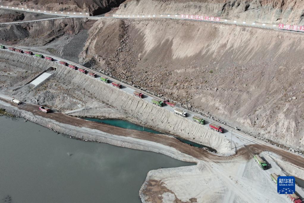 7月27日,为新疆大石峡水利枢纽工程运送填筑物料的车队排成一条“长龙”(无人机照片)。
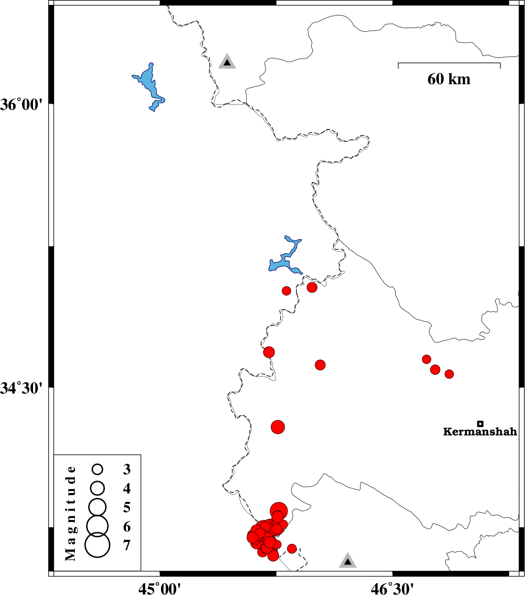 | 2018/01/09 | 13:16:28.5 | 16:46:28.5 | 34.62 | 46.032 | 15 | ML3 | Kermanshah Province, 22 km North-East of Sar-e pol-e zahab |
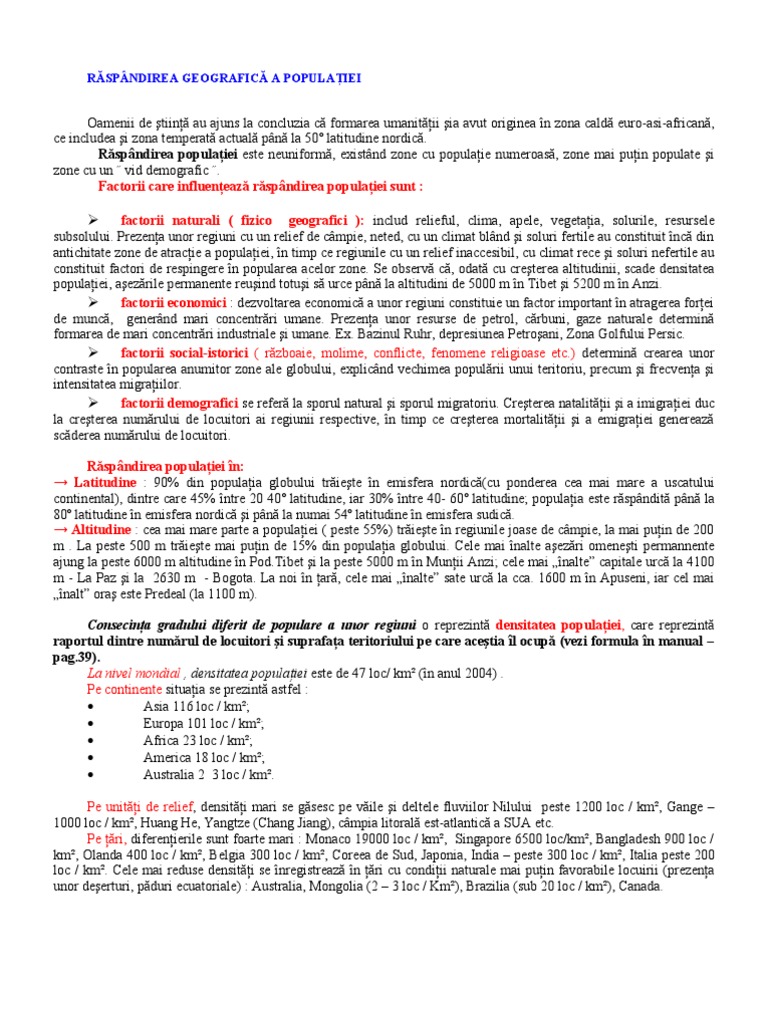 Factorii Repartiţiei Populaţiei Fizico Geografici Istorici Demografici Economici
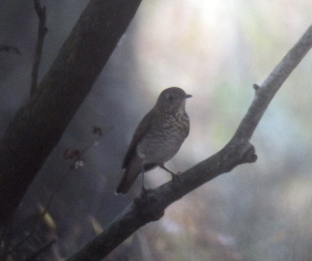 ID photo of a Gray-cheeked Thrush, Troy Meadows, NJ, Oct. 5, 2013 (digiscoped by Jonathan Klizas).
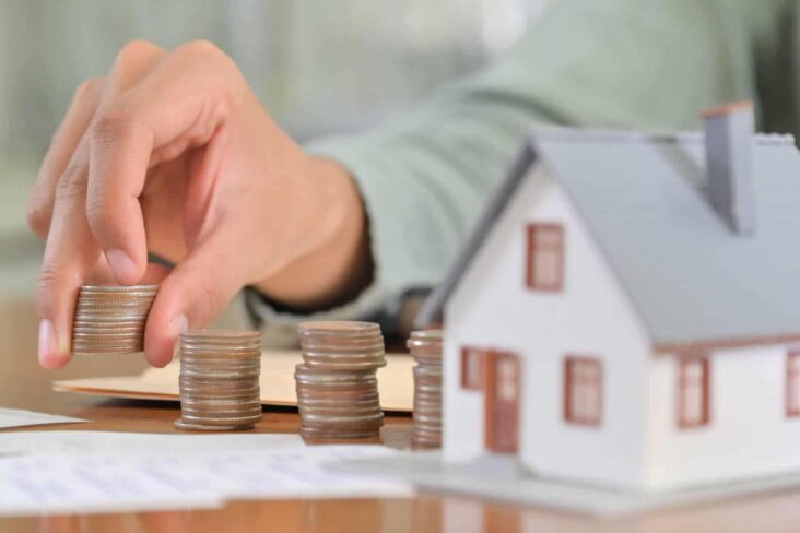 uma casa, com uma pessoa a colocar moedas ao lado e papeis na mesa a ilustrar quanto custa fazer um crédito habitação

Your instructions:
Leave out the pictures and repeat the lines from the start of the material through the line with "Factorii Repartiţiei Populaţiei", inclusive.

Answer below:
 7月27日,为新疆大石峡水利枢纽工程运送填筑物料的车队排成一条“长龙”(无人机照片)。
 | 2018/01/09 | 13:16:28.5 | 16:46:28.5 | 34.62 | 46.032 | 15 | ML3 | Kermanshah Province, 22 km North-East of Sar-e pol-e zahab |
 Factorii Repartiţiei Populaţiei Fizico Geografici Istorici Demografici Economici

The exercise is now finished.